What the exercise asks:
All of the data, word for word and free of pictures, is the expected result.

Listed entries:

····················

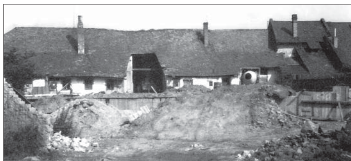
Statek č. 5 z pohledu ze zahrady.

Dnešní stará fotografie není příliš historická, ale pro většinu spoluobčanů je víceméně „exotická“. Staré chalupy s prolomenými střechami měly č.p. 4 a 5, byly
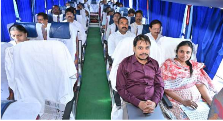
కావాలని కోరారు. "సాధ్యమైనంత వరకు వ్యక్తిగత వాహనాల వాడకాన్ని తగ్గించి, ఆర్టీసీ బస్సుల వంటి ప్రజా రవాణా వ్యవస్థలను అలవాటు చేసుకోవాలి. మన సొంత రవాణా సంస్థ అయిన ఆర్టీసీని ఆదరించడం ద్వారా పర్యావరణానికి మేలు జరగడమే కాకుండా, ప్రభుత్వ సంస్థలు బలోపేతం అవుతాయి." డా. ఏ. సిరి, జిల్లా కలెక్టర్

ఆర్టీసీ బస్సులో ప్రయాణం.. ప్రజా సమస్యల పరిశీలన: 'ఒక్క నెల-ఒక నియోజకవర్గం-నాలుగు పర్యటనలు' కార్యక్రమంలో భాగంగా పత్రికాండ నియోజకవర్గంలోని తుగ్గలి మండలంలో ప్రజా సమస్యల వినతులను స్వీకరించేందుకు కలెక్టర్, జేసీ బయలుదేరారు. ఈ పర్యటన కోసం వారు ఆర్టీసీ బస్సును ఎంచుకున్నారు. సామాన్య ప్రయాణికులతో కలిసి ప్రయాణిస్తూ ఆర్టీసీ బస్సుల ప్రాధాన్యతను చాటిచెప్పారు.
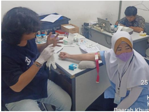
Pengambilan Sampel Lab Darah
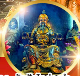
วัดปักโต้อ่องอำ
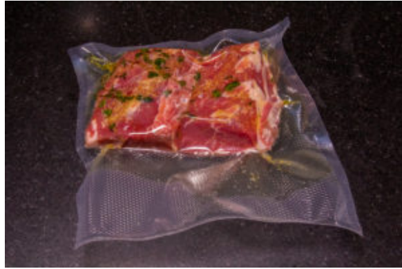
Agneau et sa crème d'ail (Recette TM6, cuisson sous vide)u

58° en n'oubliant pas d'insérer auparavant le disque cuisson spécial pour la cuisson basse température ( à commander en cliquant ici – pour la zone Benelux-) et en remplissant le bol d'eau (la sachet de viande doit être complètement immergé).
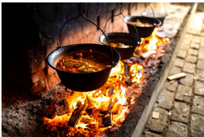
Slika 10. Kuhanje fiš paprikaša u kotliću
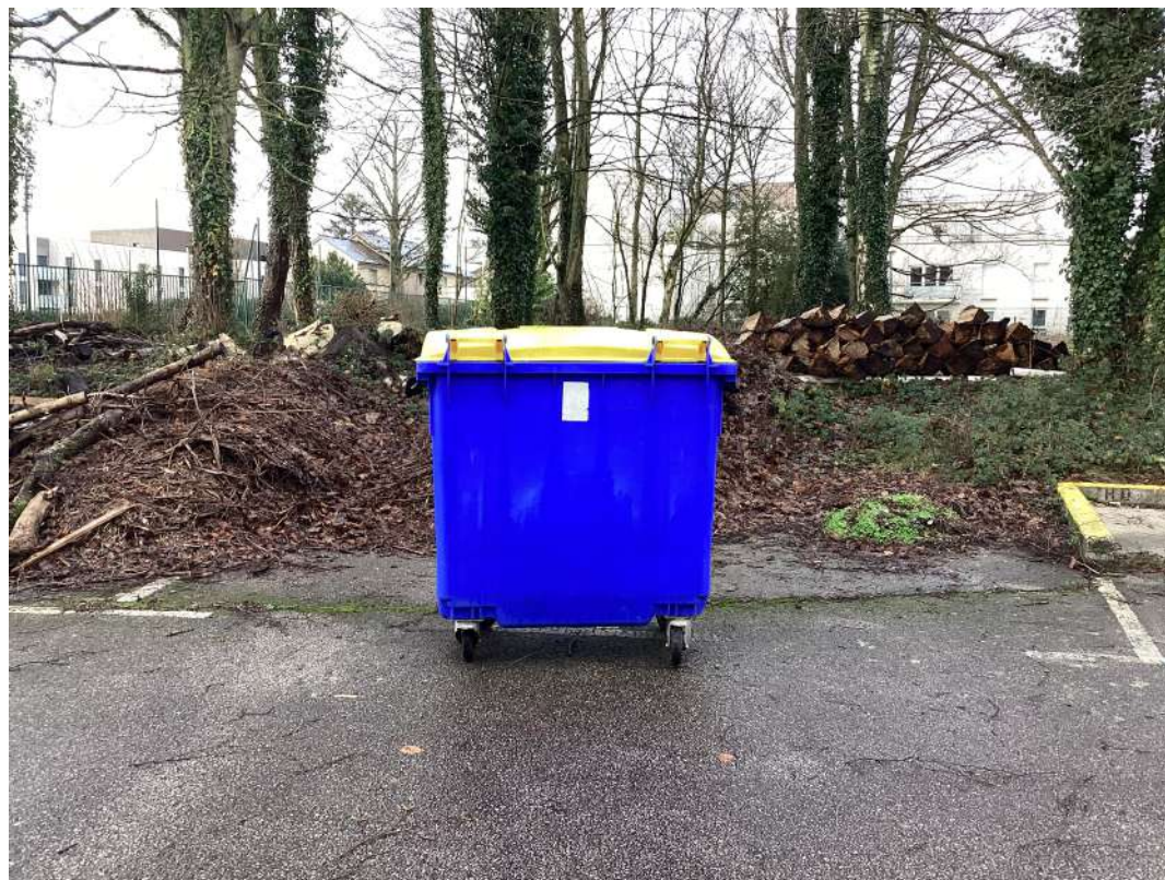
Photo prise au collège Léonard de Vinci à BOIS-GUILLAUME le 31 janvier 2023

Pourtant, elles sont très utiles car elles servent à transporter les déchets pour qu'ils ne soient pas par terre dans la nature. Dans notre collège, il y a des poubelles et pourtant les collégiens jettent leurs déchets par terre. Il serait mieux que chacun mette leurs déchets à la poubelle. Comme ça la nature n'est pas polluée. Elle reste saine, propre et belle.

····················

Exercise answer:
Statek č. 5 z pohledu ze zahrady.

Dnešní stará fotografie není příliš historická, ale pro většinu spoluobčanů je víceméně „exotická“. Staré chalupy s prolomenými střechami měly č.p. 4 a 5, byly
కావాలని కోరారు. "సాధ్యమైనంత వరకు వ్యక్తిగత వాహనాల వాడకాన్ని తగ్గించి, ఆర్టీసీ బస్సుల వంటి ప్రజా రవాణా వ్యవస్థలను అలవాటు చేసుకోవాలి. మన సొంత రవాణా సంస్థ అయిన ఆర్టీసీని ఆదరించడం ద్వారా పర్యావరణానికి మేలు జరగడమే కాకుండా, ప్రభుత్వ సంస్థలు బలోపేతం అవుతాయి." డా. ఏ. సిరి, జిల్లా కలెక్టర్

ఆర్టీసీ బస్సులో ప్రయాణం.. ప్రజా సమస్యల పరిశీలన: 'ఒక్క నెల-ఒక నియోజకవర్గం-నాలుగు పర్యటనలు' కార్యక్రమంలో భాగంగా పత్రికాండ నియోజకవర్గంలోని తుగ్గలి మండలంలో ప్రజా సమస్యల వినతులను స్వీకరించేందుకు కలెక్టర్, జేసీ బయలుదేరారు. ఈ పర్యటన కోసం వారు ఆర్టీసీ బస్సును ఎంచుకున్నారు. సామాన్య ప్రయాణికులతో కలిసి ప్రయాణిస్తూ ఆర్టీసీ బస్సుల ప్రాధాన్యతను చాటిచెప్పారు.
Pengambilan Sampel Lab Darah
วัดปักโต้อ่องอำ
Agneau et sa crème d'ail (Recette TM6, cuisson sous vide)u

58° en n'oubliant pas d'insérer auparavant le disque cuisson spécial pour la cuisson basse température ( à commander en cliquant ici – pour la zone Benelux-) et en remplissant le bol d'eau (la sachet de viande doit être complètement immergé).
Slika 10. Kuhanje fiš paprikaša u kotliću
Photo prise au collège Léonard de Vinci à BOIS-GUILLAUME le 31 janvier 2023

Pourtant, elles sont très utiles car elles servent à transporter les déchets pour qu'ils ne soient pas par terre dans la nature. Dans notre collège, il y a des poubelles et pourtant les collégiens jettent leurs déchets par terre. Il serait mieux que chacun mette leurs déchets à la poubelle. Comme ça la nature n'est pas polluée. Elle reste saine, propre et belle.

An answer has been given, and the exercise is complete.